Die Autoren betonen mehrmals, dass sachlogisches, nach 'objektiver' Wahrheit suchendes Denken beim Coaching fehl am Platz ist. Wirklichkeit sei die Selektion von Information, das Ziel von Coaching dagegen sei, sich der eigenen Selektionskriterien bewusst zu werden und diese je nach Bedarf zu erweitern. Natürlich bleibt dies keine rein sachliche Angelegenheit. Wahrnehmungsmuster sind eng mit Erfahrungen und entsprechenden Gefühlen verbunden.
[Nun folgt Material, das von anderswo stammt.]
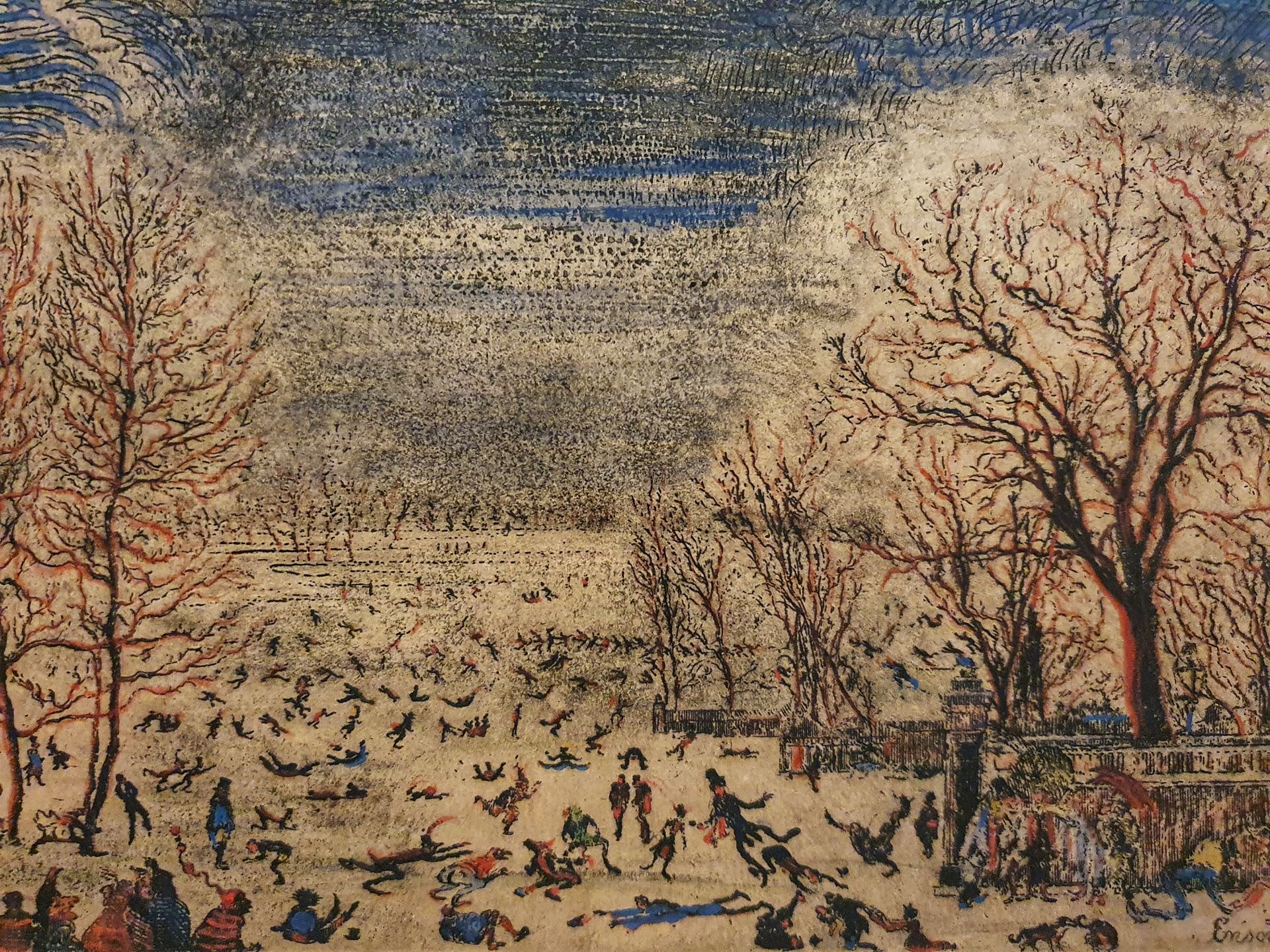 Ensors staten van verbeelding brengt voor het eerst de meest opmerkelijke resultaten van deze experimenten bij elkaar: voorbereidende tekeningen, koperplaten en verschillende staten van prenten. We tonen unieke drukken op perkament en gekleurd satijn. Ensor transformeert afdrukken tot unieke kunstwerken door ze handmatig in te kleuren met kleurpotlood, krijt en waterverf. Zo duiken er onverwachte details op, ontstaat er diepte in grote mensenmassa’s en krijgen nieuwe gestalten vorm.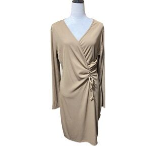This elegant tan wrap dress is perfect for any occasion. Its sophisticated design and comfortable fit make it a must-have in your wardrobe.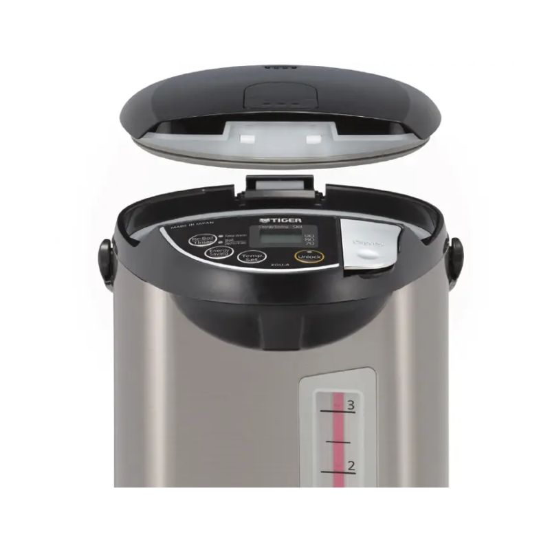 - Thiết kế tiện dụng: Bình thủy điện TIGER PDU-A30W được thiết kế tinh tế, sang trọng, phù hợp với gia đình có con nhỏ hay người già cần sử dụng nước nóng thường xuyên. Thân bình được làm bằng thép không gỉ có độ bền cao, tăng khả năng giữ nhiệt và hạn chế bị biến dạng khi có va chạm, khi sử dụng trong một thời gian dài vẫn sáng bóng như mới. Trên thân bình còn có thang báo mực nước, giúp bạn dễ nhận biết được lượng nước cần dùng khi có nhu cầu.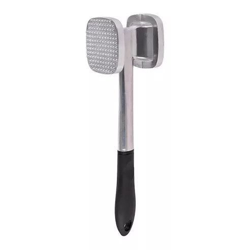 Prepare carnes para cocinar con el ablandador de carne de aluminio. Una gran adición a cualquier cocina comercial, un lado de este ablandador es perfecto para carnes duras como filetes de res y chuletas de cerdo, mientras que el otro lado tiene una superficie lisa y plana para aves.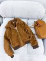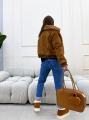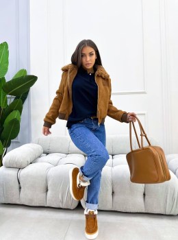 Стильная дубленка-бомбер из искусственной замши и натуральным меховым воротом в самом топовом цвете от.

Die Autoren sehen zwar die Bedeutung von Gefühlen im Coaching, erliegen aber gleichzeitig der bei vielen Systemikern zu beobachtenden Unterbewertung emotionaler und unbewusster Prozesse. Hier wären psycho- und gruppendynamische Konzepte als Ergänzung angebracht.

Neben Leitlinien für die Gestaltung von Auftragsklärung und Coachingstruktur skizzieren die Autoren verschiedene systemische Methoden, z.B. systemische Frageformen, Reframing, Perspektivenwechsel, Arbeit mit Persönlichkeitsanteilen. Abschließend stellen sie fünf Fallstudien umfassender Coachingprozesse vor. Sie drehen sich um den Übergang eines (Bank-)Familienunternehmens zur Aktiengesellschaft, um die Umstrukturierung/Dezentralisierung der schweizerischen Post, um einen international orientierten Konzern, um die Einführung von Kundenorientierung in einer Rückversicherung sowie um die Umsetzung von Coaching im Volkswagenkonzern.

Fazit: Ein Grundlagenwerk für systemisch orientiertes Coaching, auch zu empfehlen für die Gestaltung von Personalentwicklung.

Von Wilhelm Backhausen und Jean-Paul Thommen, 383 S., geb., Gabler Verlag, Wiesbaden 2003, ISBN 3-409-12005-X, 39,90 Euro.